_Task requirements:_
Find the line with "De los 50 mil" in the records below. Output exactly from there until after the line with "These lovely wedding", without pictures.

_Input material:_
Start of Block

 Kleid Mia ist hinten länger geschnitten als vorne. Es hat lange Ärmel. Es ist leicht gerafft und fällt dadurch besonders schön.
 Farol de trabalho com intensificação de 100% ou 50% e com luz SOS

End of Block
Start of Block

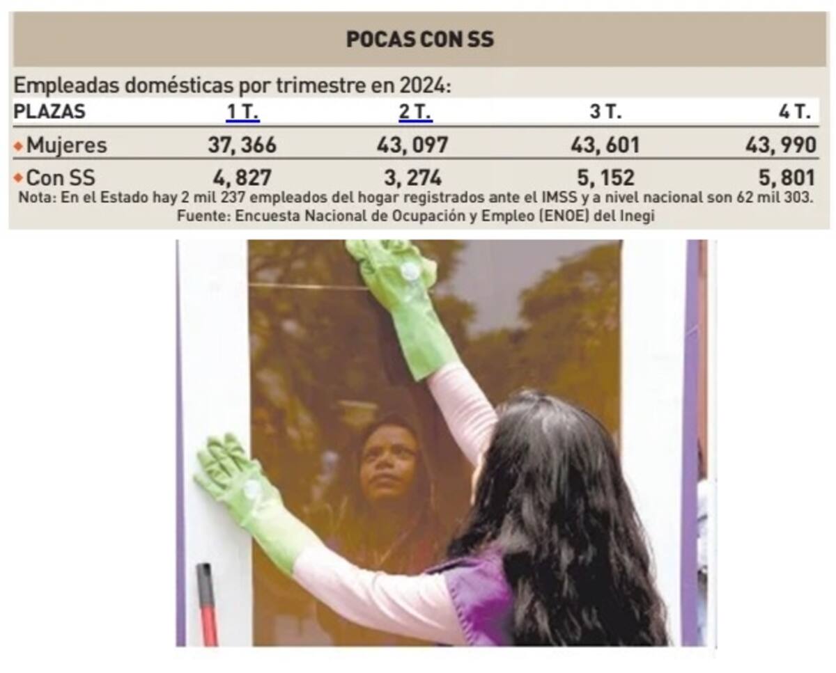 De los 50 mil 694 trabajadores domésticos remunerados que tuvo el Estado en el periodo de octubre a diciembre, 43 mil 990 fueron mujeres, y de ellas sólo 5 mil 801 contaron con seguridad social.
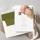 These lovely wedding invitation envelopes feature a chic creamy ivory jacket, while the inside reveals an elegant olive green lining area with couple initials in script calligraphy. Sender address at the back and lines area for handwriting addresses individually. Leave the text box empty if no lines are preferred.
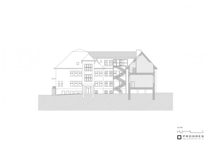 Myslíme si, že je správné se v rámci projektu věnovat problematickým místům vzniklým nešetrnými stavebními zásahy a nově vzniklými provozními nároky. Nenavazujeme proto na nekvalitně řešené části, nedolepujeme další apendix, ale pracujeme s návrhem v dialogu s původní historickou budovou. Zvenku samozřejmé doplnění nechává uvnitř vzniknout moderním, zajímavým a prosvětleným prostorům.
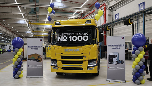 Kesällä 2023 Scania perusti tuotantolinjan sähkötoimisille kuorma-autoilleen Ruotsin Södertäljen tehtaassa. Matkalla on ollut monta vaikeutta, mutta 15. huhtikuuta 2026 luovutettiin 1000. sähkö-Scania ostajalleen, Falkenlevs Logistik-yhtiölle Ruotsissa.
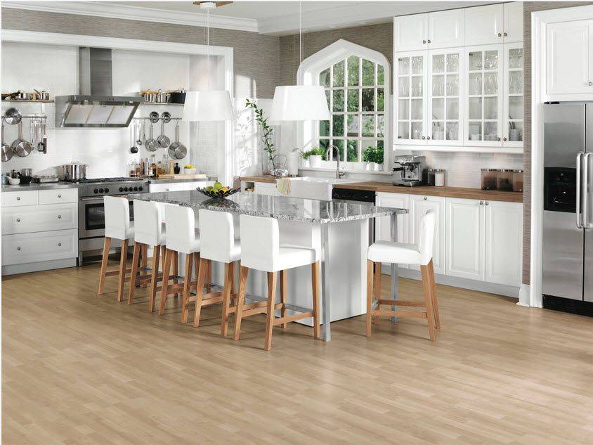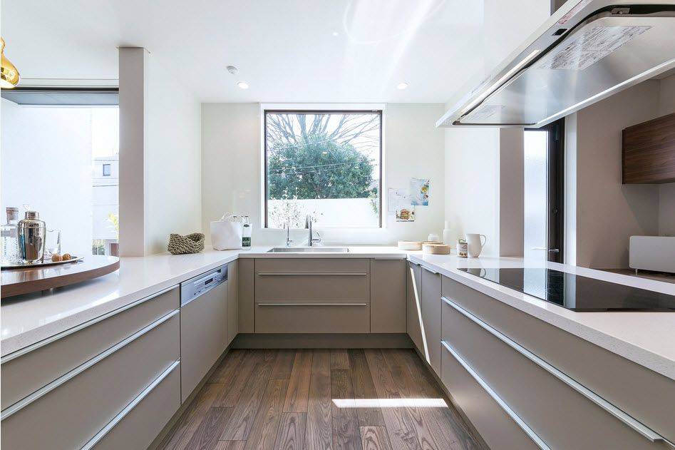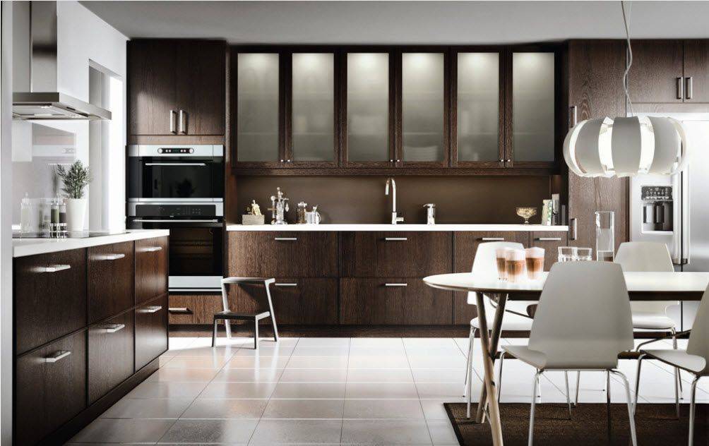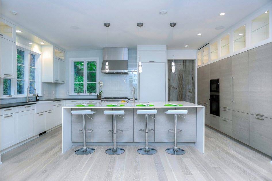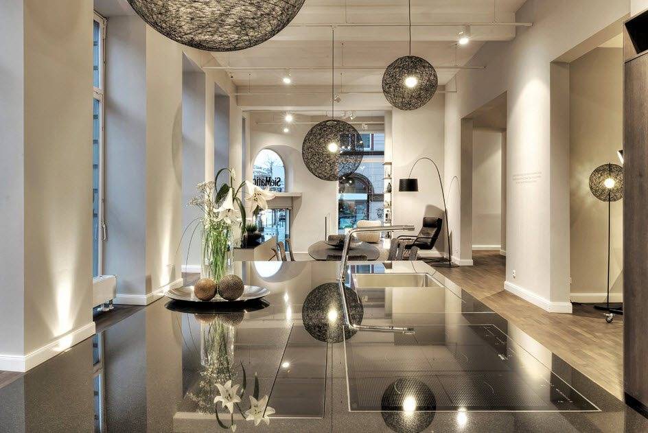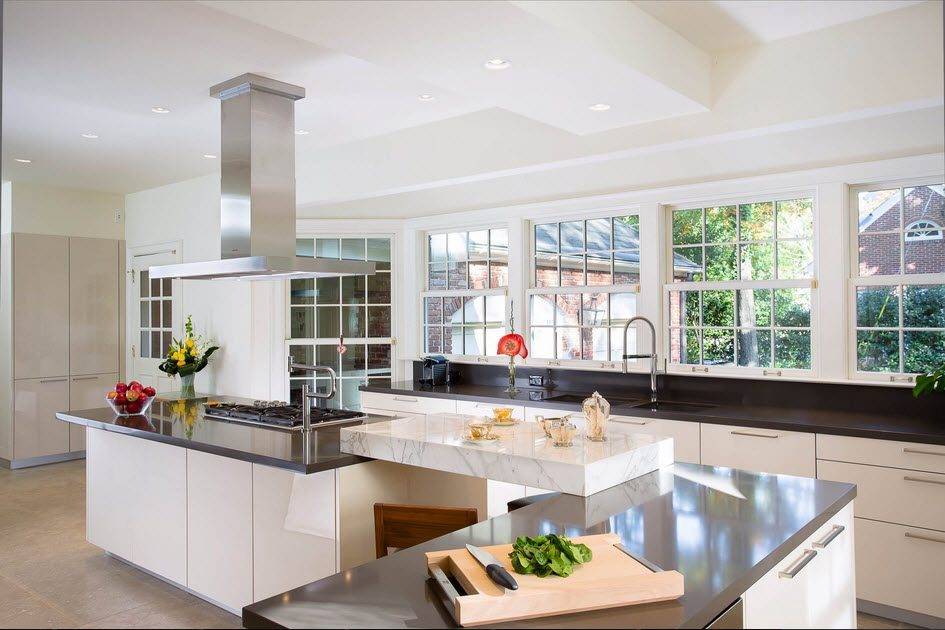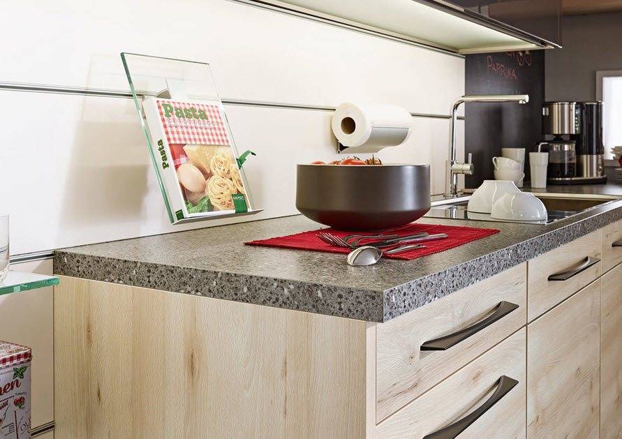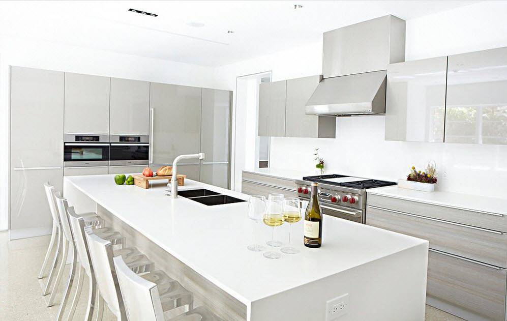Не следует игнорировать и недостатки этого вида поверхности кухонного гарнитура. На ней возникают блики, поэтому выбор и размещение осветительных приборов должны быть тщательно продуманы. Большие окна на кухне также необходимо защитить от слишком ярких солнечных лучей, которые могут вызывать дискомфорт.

End of Block

_The answer:_
 De los 50 mil 694 trabajadores domésticos remunerados que tuvo el Estado en el periodo de octubre a diciembre, 43 mil 990 fueron mujeres, y de ellas sólo 5 mil 801 contaron con seguridad social.
 These lovely wedding invitation envelopes feature a chic creamy ivory jacket, while the inside reveals an elegant olive green lining area with couple initials in script calligraphy. Sender address at the back and lines area for handwriting addresses individually. Leave the text box empty if no lines are preferred.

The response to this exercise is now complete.